■ WHAT TO DO
All that is wanted is the exact text of the lines below from the one with "كما توقعت الأرصاد" through the one with "仮面ライダー生誕50周年 大選集祭 私のライダーソング", inclusive, minus any pictures.

■ MATERIAL FOR THIS TASK
· · · · ·
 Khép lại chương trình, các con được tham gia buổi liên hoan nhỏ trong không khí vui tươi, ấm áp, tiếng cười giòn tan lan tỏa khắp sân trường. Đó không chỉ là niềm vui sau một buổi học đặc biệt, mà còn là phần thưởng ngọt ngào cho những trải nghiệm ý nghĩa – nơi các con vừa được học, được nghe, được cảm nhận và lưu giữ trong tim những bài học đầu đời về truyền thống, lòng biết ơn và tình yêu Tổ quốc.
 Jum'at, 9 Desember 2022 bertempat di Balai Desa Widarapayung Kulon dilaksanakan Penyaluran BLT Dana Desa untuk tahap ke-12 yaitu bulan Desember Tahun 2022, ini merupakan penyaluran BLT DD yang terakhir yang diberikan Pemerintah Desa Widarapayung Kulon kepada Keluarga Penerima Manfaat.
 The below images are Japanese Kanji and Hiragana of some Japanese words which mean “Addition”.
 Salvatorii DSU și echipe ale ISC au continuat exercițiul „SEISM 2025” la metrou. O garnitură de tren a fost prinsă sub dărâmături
· · · · ·
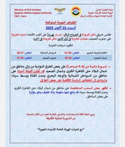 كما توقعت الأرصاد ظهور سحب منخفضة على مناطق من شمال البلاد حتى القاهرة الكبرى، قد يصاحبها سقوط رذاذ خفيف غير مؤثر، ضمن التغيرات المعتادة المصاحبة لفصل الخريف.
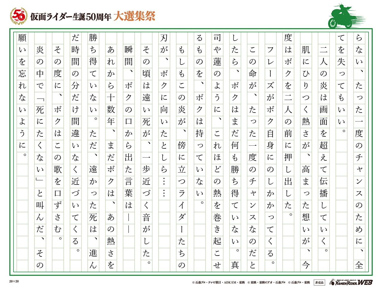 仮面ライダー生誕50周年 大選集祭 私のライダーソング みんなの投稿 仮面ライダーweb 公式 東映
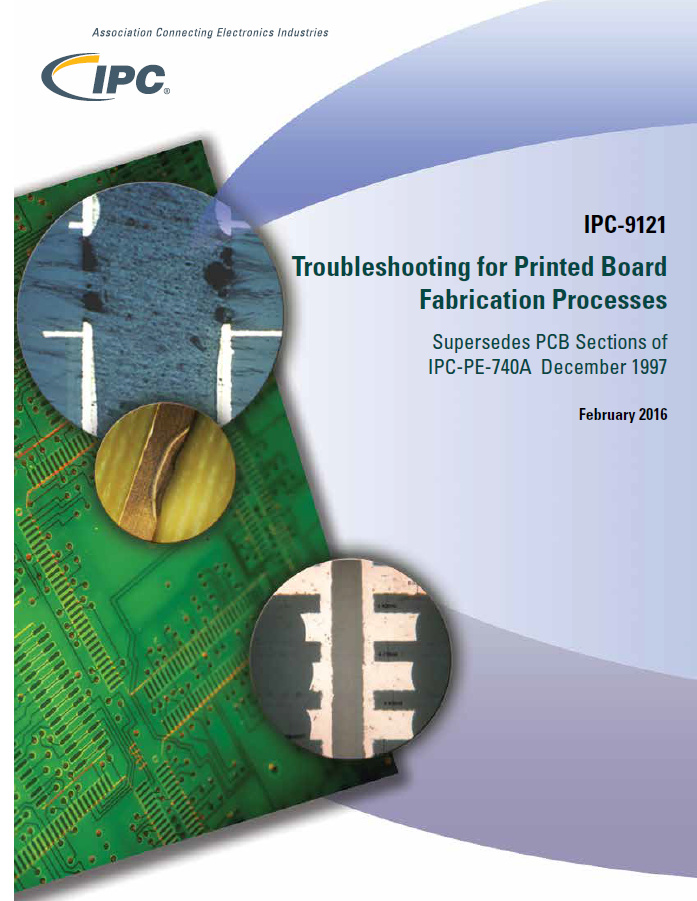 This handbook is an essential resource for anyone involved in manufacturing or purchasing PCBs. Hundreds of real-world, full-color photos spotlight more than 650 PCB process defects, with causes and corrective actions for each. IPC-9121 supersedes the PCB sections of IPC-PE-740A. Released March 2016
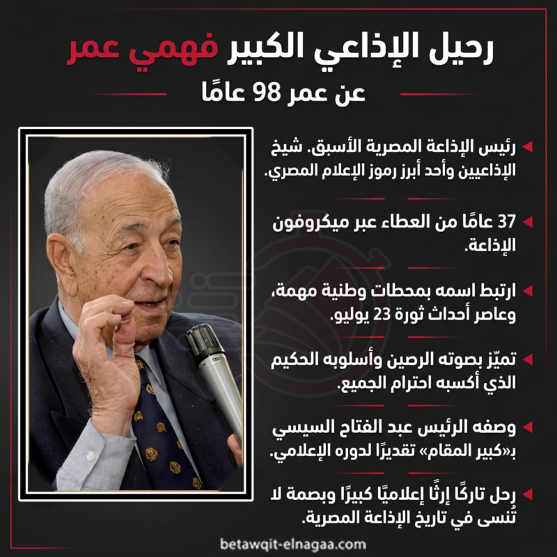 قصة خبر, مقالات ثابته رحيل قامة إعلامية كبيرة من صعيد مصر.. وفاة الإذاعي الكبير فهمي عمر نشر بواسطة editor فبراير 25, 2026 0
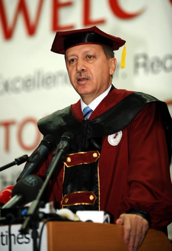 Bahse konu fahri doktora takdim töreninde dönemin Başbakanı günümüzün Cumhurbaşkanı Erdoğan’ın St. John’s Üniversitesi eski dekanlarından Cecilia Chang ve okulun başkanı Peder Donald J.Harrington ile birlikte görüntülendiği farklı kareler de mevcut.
· · · · ·
■ SOLUTION
 كما توقعت الأرصاد ظهور سحب منخفضة على مناطق من شمال البلاد حتى القاهرة الكبرى، قد يصاحبها سقوط رذاذ خفيف غير مؤثر، ضمن التغيرات المعتادة المصاحبة لفصل الخريف.
 仮面ライダー生誕50周年 大選集祭 私のライダーソング みんなの投稿 仮面ライダーweb 公式 東映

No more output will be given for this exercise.